Anne: I can’t. I’m in the depths of despair. Can you eat when you’re in the depths of despair?
Marilla: I’ve never been in the depths of despair, so I can’t say.
Anne: Weren’t you? Well, did you ever try to imagine you were in the depths of despair?
Marilla: No I didn’t.
Your Turn…
I’m super curious about how you handle the rejection of this business. What works for you, what doesn’t? What have you tried that really didn’t work or became unhealthy? What doesn’t work but you do it anyway? Please share!
This is a sarcasm.
I’ve gotta treat myself to something big or small after auditions/callbacks (not every audition, but you know the ones).
And then I obsessively watch my audition and think how good it was. Or which moments I’d like to change. And dream a little about how I’ll celebrate when get my health insurance back.
And then, when I find out they went a different direction (or enough time has passed to assume the obvious), I let myself grieve. And then I try *try *try to move on.

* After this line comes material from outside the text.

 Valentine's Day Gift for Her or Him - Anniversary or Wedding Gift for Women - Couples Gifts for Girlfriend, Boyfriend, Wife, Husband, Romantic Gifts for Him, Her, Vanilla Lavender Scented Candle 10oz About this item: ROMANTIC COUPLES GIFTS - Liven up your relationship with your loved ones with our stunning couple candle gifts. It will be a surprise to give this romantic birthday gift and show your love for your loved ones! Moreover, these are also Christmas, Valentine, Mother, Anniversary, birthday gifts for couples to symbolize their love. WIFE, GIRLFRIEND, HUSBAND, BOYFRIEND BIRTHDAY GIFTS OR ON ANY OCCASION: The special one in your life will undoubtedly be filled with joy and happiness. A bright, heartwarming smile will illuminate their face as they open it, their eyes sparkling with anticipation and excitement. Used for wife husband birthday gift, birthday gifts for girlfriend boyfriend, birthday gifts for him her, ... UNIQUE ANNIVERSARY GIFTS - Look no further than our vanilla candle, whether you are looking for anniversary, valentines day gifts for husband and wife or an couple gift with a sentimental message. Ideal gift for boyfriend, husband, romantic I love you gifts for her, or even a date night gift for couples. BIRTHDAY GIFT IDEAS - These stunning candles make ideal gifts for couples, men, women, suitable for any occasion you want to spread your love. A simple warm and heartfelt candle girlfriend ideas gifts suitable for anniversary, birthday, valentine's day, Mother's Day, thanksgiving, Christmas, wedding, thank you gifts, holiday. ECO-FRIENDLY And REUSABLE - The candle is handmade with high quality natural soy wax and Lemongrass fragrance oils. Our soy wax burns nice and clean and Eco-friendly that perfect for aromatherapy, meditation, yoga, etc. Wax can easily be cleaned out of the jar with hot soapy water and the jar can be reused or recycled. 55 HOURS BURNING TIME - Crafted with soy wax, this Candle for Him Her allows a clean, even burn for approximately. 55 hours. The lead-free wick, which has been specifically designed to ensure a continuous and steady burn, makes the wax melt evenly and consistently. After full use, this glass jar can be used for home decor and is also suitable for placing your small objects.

*not before checking my email to make sure nothing has changed
*and checking IMDB and deadline to see if I can figure out who booked it
When auditions are busy, the roller coaster is a very fast one, and I’m back at the top dreaming of taking my parents out to dinner to celebrate.
But when auditions are slow (LIKE NOW), It feels like the roller coaster is just gosh darn broken. Which makes me so sad, because I actually love the audition part and that little hope part just after where your stomach jumps up into your chest.

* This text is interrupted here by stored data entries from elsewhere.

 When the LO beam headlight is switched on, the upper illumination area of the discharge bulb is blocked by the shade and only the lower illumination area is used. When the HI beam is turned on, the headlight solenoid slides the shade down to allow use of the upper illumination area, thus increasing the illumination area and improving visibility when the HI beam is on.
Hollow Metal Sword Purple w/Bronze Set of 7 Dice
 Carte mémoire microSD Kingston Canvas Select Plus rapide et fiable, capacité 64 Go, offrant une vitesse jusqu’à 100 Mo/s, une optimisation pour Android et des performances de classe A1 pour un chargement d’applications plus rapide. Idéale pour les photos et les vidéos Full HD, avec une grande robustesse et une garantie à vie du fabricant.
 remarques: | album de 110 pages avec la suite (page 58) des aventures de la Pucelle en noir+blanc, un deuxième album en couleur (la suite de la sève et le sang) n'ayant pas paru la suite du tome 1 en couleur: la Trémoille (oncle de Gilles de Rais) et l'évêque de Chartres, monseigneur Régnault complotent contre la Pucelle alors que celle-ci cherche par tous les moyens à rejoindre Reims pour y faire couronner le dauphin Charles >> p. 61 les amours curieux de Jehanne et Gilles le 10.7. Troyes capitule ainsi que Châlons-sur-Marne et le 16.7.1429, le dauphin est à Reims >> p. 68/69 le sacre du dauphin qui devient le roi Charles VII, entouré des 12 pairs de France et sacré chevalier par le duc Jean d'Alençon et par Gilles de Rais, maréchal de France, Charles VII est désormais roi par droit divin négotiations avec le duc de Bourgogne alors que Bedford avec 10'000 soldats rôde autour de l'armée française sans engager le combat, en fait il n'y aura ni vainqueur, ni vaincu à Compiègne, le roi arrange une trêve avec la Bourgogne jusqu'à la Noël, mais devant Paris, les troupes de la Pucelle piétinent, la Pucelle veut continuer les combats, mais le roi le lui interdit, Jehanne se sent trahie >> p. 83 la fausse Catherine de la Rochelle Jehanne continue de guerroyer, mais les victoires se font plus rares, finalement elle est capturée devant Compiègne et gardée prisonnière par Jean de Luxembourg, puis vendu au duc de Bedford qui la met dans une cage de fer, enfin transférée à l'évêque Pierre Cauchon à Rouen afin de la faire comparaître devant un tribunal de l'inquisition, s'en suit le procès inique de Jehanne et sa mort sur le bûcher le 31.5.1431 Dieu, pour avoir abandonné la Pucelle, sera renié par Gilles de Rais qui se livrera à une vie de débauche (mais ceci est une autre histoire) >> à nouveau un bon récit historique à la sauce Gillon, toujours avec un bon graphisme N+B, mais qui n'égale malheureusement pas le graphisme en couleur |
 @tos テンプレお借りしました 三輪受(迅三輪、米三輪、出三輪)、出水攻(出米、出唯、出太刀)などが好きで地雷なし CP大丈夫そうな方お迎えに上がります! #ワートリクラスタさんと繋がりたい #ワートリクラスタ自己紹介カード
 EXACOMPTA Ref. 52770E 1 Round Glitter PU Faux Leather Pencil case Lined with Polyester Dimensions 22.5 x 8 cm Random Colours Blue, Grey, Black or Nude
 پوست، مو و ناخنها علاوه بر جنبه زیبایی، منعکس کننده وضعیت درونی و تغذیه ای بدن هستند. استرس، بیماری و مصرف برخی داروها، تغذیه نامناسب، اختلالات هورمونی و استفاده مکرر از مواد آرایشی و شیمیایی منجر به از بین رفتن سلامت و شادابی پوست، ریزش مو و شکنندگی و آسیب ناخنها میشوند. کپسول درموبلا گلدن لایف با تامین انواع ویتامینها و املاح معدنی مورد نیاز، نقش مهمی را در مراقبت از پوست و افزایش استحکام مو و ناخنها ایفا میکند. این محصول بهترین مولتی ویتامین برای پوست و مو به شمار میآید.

I wish it wasn’t the case, but the longer I do this, the harder the bottom part is. It’s not that I’m not used to the rejection, I think it’s just that the hope part means more.
But, all that said, that hope part is a strong sucker and keeps on keeping on. 💛
I finally learned what IYKYK means - this!

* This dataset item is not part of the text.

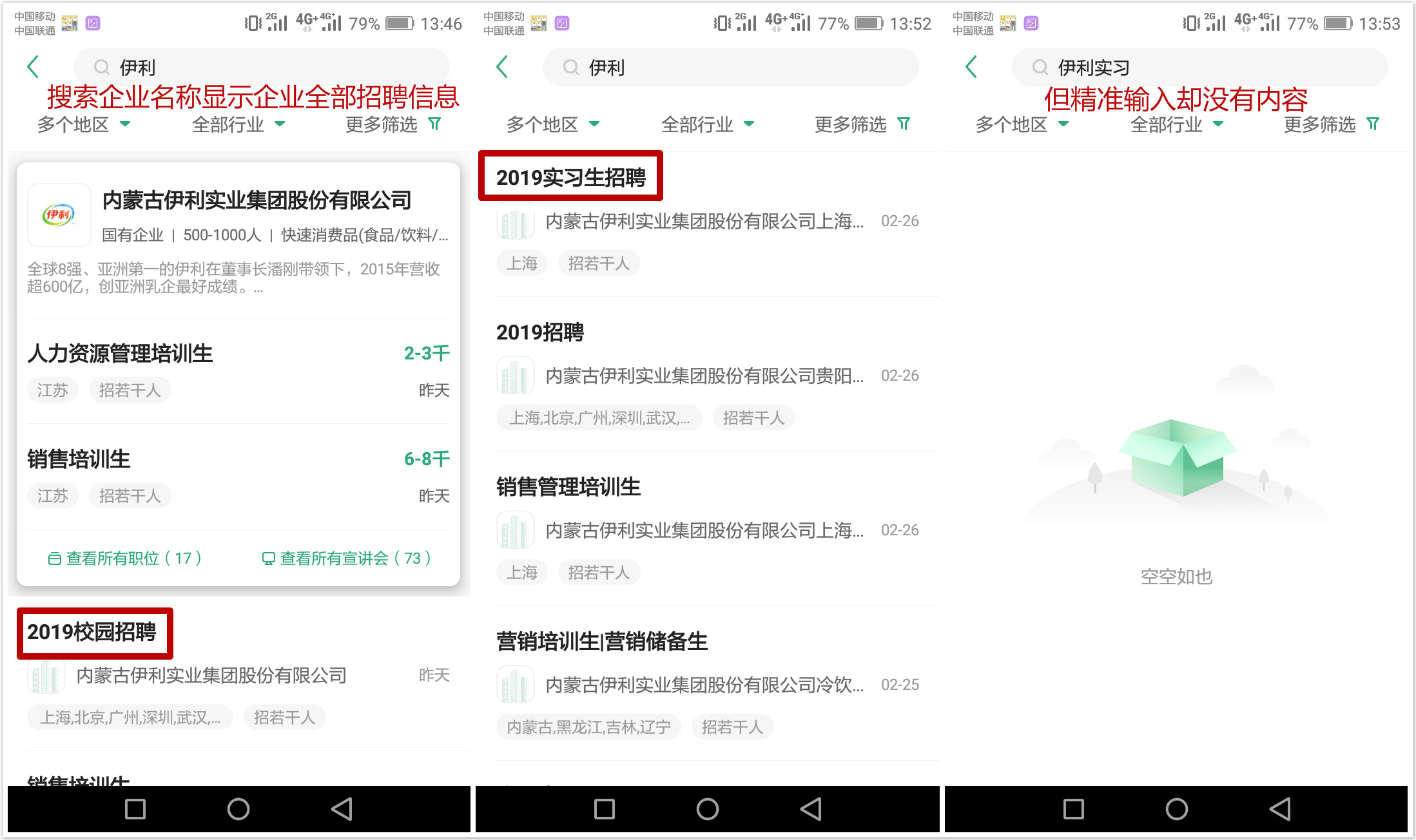 而在搜索框输入“伊利实习”这样的精准关键词反而查询不到任何信息,这点体验让已有目标企业的求职者感到操作上不方便

All of this! All of it. No, nothing to add. Still doing all of them. Sometimes they help. Sometimes they don't. But, yes, live through it is the only real answer. Use it if you can. Throw it away if you can't.
This won't help but here are two that happened to me and apparently have never left:
"They said you were the best actor they saw all day but they went in another direction" (Me: "What direction was that? Bad actor? Why didn't they say so, I can do bad actor!" Sound familiar?
Or how about this one? After a particularly terrific audition (or so I thought) I called my agent (back in the day) for feedback. I was told the new Breakdown had come out and it said "Looking for a Clayton Landey type". Me: Did you tell them they could have Fucking Clayton Landey?!?!?" Him: " Of course I did. They said they don't want Clayton Landey. They want a Clayton Landey type." 30 years later and I'm still chewing on that one.